* Try it
Print the whole listing again exactly, keeping no pictures in it.

* Material provided
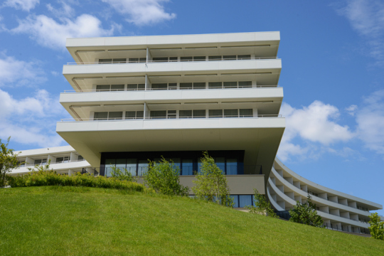 Das im November 2012 eröffnete Kurhaus hat die Form des Taukreuzes, das mit seinen drei Armen für Offenheit und Harmonie von Körper, Geist und Seele steht.
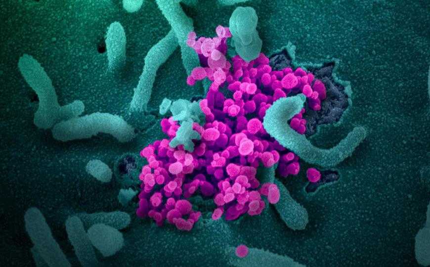 Новый коронавирус SARS-CoV-2 (круглые объекты малинового цвета на поверхности клетки). Сканирующая электронная микроскопия.
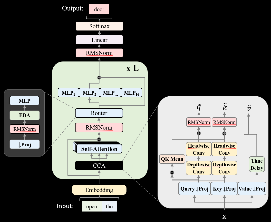 ZAYA1 的优异性能还得益于其在模型架构上的两项关键创新。首先,它采用了新颖的 CCA 注意力机制(Compressive Convolutional Attention),通过在注意力模块内部引入卷积操作,显著降低了计算量和显存占用。
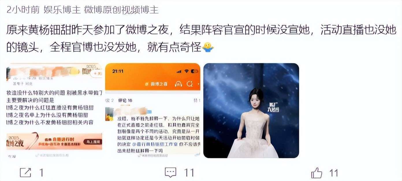 虽然微博之夜的明星阵容早早就被官宣过,但其中一位女明星的出现,却出乎了大家的意料。她就是黄杨钿甜,竟然没有在官方的名单里,直播时也没有她的镜头,这让不少网友都没能注意到她的到来。直到之后,才有黄杨钿甜走红毯的照片流出,才让大家恍若惊觉,她原来也参加了微博之夜。
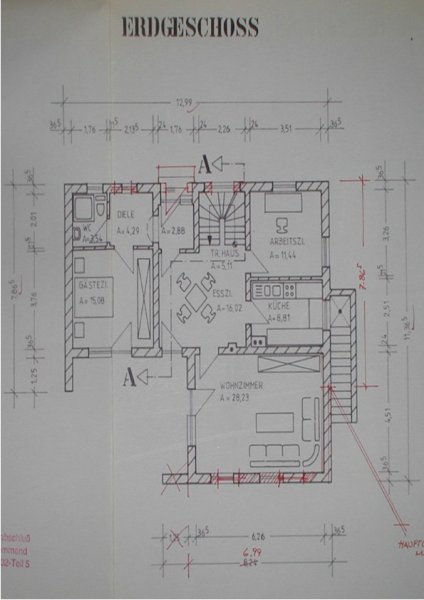 EG: große Küche, Esszimmer, Wohnzimmer, Fremdenzimmer, Dusche/WC,

* Solution to the problem
 Das im November 2012 eröffnete Kurhaus hat die Form des Taukreuzes, das mit seinen drei Armen für Offenheit und Harmonie von Körper, Geist und Seele steht.
 Новый коронавирус SARS-CoV-2 (круглые объекты малинового цвета на поверхности клетки). Сканирующая электронная микроскопия.
 ZAYA1 的优异性能还得益于其在模型架构上的两项关键创新。首先,它采用了新颖的 CCA 注意力机制(Compressive Convolutional Attention),通过在注意力模块内部引入卷积操作,显著降低了计算量和显存占用。
 虽然微博之夜的明星阵容早早就被官宣过,但其中一位女明星的出现,却出乎了大家的意料。她就是黄杨钿甜,竟然没有在官方的名单里,直播时也没有她的镜头,这让不少网友都没能注意到她的到来。直到之后,才有黄杨钿甜走红毯的照片流出,才让大家恍若惊觉,她原来也参加了微博之夜。
 EG: große Küche, Esszimmer, Wohnzimmer, Fremdenzimmer, Dusche/WC,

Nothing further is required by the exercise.